DynaCF: Mitigating Shortcut Learning in Reward Models via Dynamic Counterfactual Sensitivity
2026-06-08 • Machine Learning
Machine LearningComputation and Language
AI summaryⓘ
The authors address a problem where models that learn from comparing pairs often latch onto easy shortcuts instead of understanding true quality. They introduce DynaCF, a method that dynamically identifies and reduces the influence of these shortcuts during training by tweaking inputs in a way that keeps meaning but tests if the model changes its preference. By downweighting the confusing samples, the model focuses more on real quality indicators. Their experiments show that this approach makes preference models more reliable.

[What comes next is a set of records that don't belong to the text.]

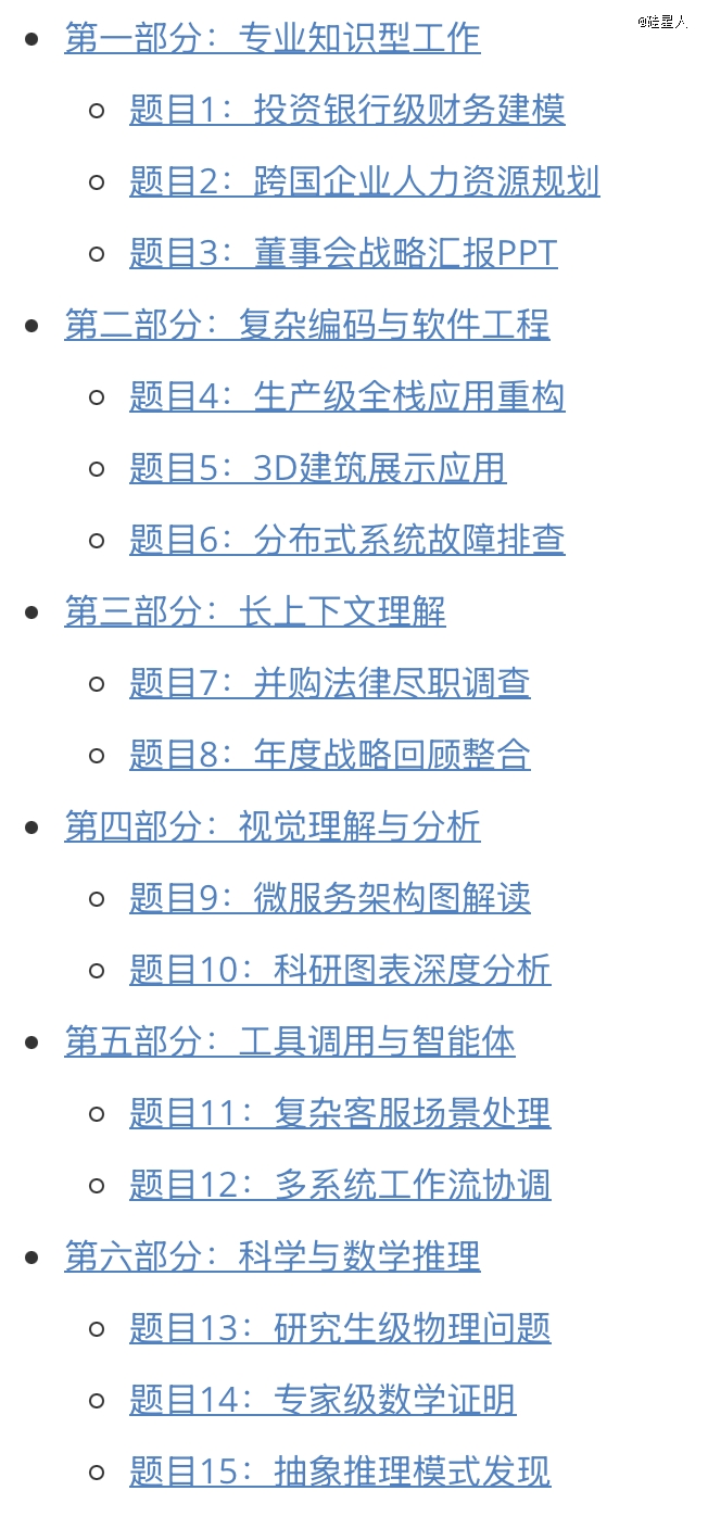 我按 GDPval 的“交付物导向”自己做了 15 道题:预计总测试时间 8–12 小时那种,把投行、HR、软件工程、事故复盘、并购尽调、图表分析、工具调用全塞进去了。
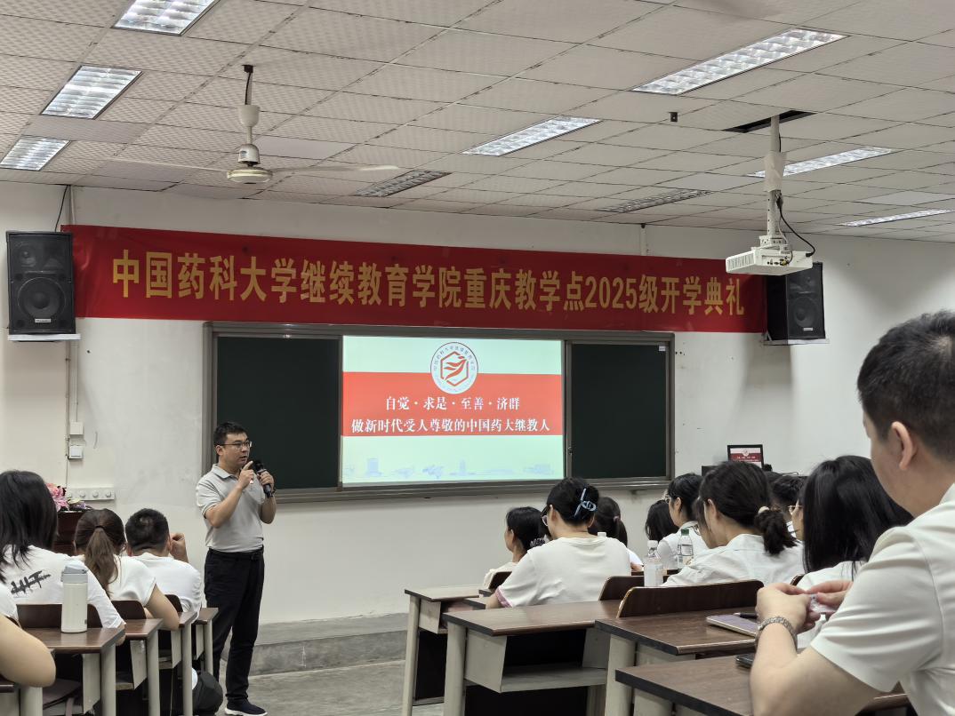 开学典礼在国歌声拉开帷幕。张杨彬向新学员致以诚挚欢迎,对重庆教学点多年的支持与合作表示感谢。他期望同学们能牢牢把握学习机会,妥善平衡好工作与学业的关系,潜心钻研专业知识,力求掌握精髓要义,不断磨砺自身本领,提升精神境界,为我国蓬勃发展的医药卫生健康事业添砖加瓦。
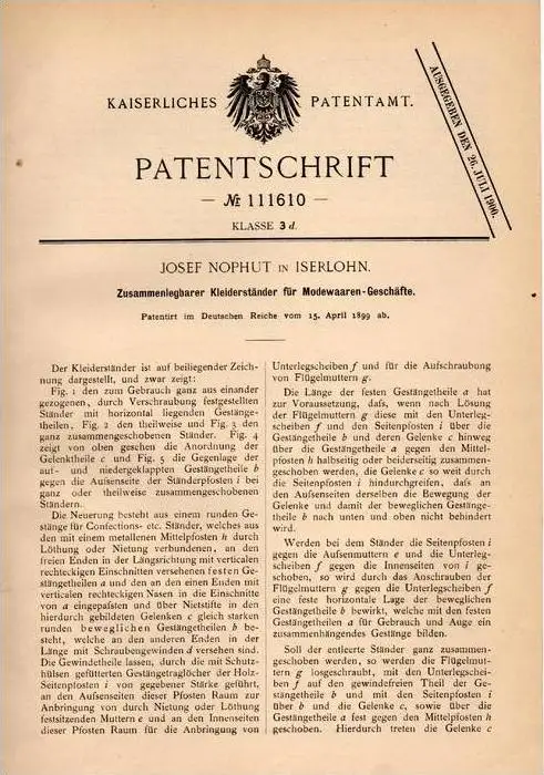 Original Patentschrift - Josef Nophut in Iserlohn , 1899 , Kleiderständer für Mode - Geschäfte , Kleider , Textilien !!!
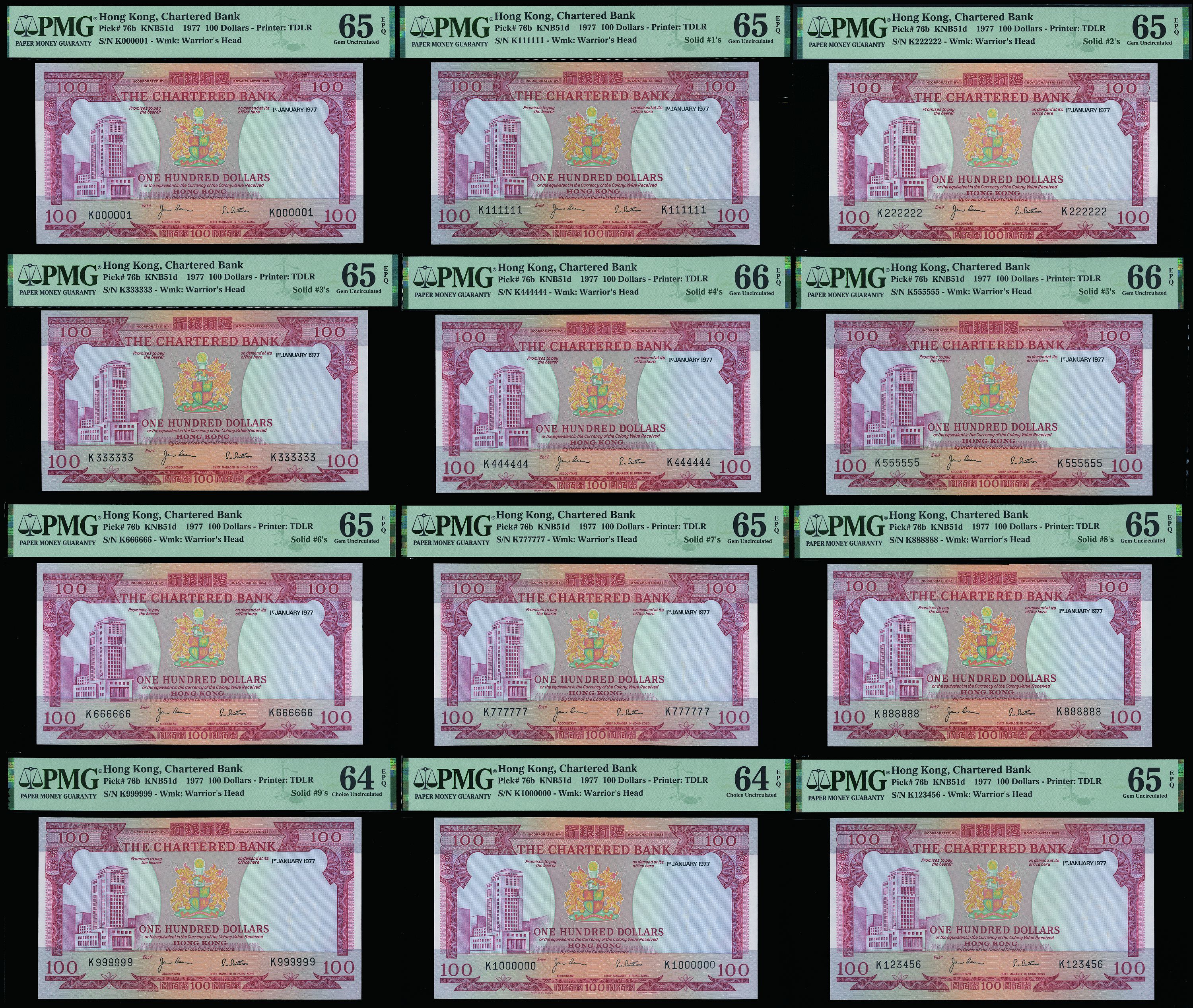 1977 $100 x 12 (KNB51d), all under same Prefix K and with fantastic lucky or solid serial nos.: 000001, 111111, 2222222, 333333, 444444, 555555, 666666, 777777, 888888, 999999, 1000000 and 123456. An incredible set of lucky number notes under same Prefix. Highly sought after for all serious collectors.
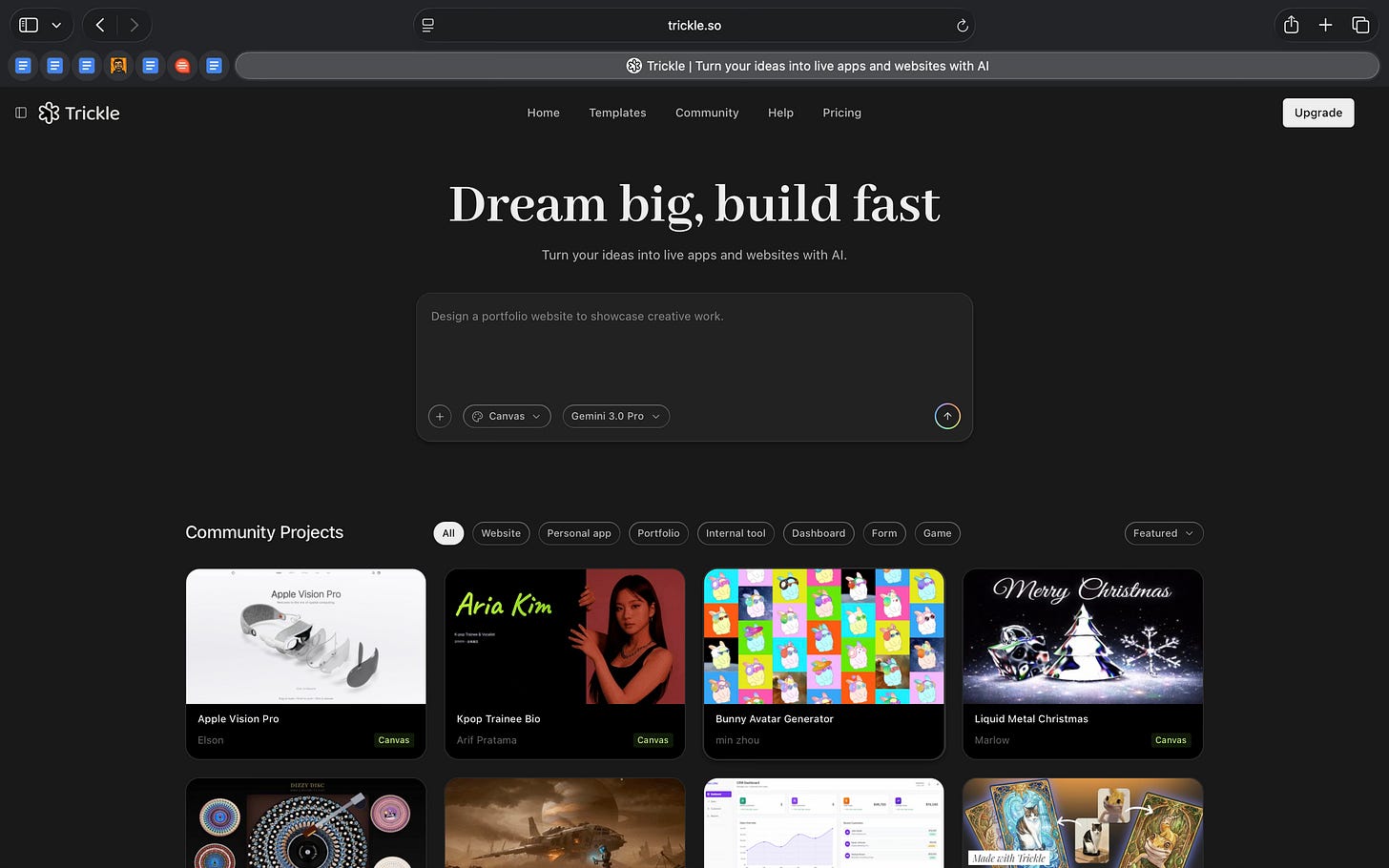 Trickle helps you turn product ideas into working interfaces using AI. It’s useful for early exploration, internal tools, and proofs of concept where seeing something real matters more than finishing a production build.
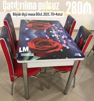 Mətbəx masa ( üstü şüşə✨Böyük ölçülü✨) + 4 stull dəst‼ Qiymət : 280₼ Təmiz Türk🇹🇷 istehsalı.Original Yeni və Anbardan satış. Çatdırılma şəhər daxili pulsuzdur 🎁

reward modelspairwise preferencesshortcut learningdynamic reweightingcounterfactual perturbationsBradley-Terry modelpreference modelingrobustnesssemantic preservation
Authors
Fengyuan Liu, Yongliang Miao, Zirui He, Yanguang Liu, Fei Sun, Mengnan Du
Abstract
Reward models trained from pairwise preferences often exploit superficial shortcut cues rather than learning true response quality. We propose DynaCF, a dynamic reweighting framework for mitigating shortcut learning in reward model training. Unlike static shortcut heuristics, DynaCF measures shortcut sensitivity online during optimization by applying semantics-preserving counterfactual perturbations and tracking the resulting margin shifts and preference flips under the current model. Samples with higher shortcut sensitivity are dynamically downweighted in the Bradley-Terry objective, encouraging the model to rely less on superficial patterns and more on task-relevant preference signals. Extensive experiments show that DynaCF consistently improves robustness in preference modeling.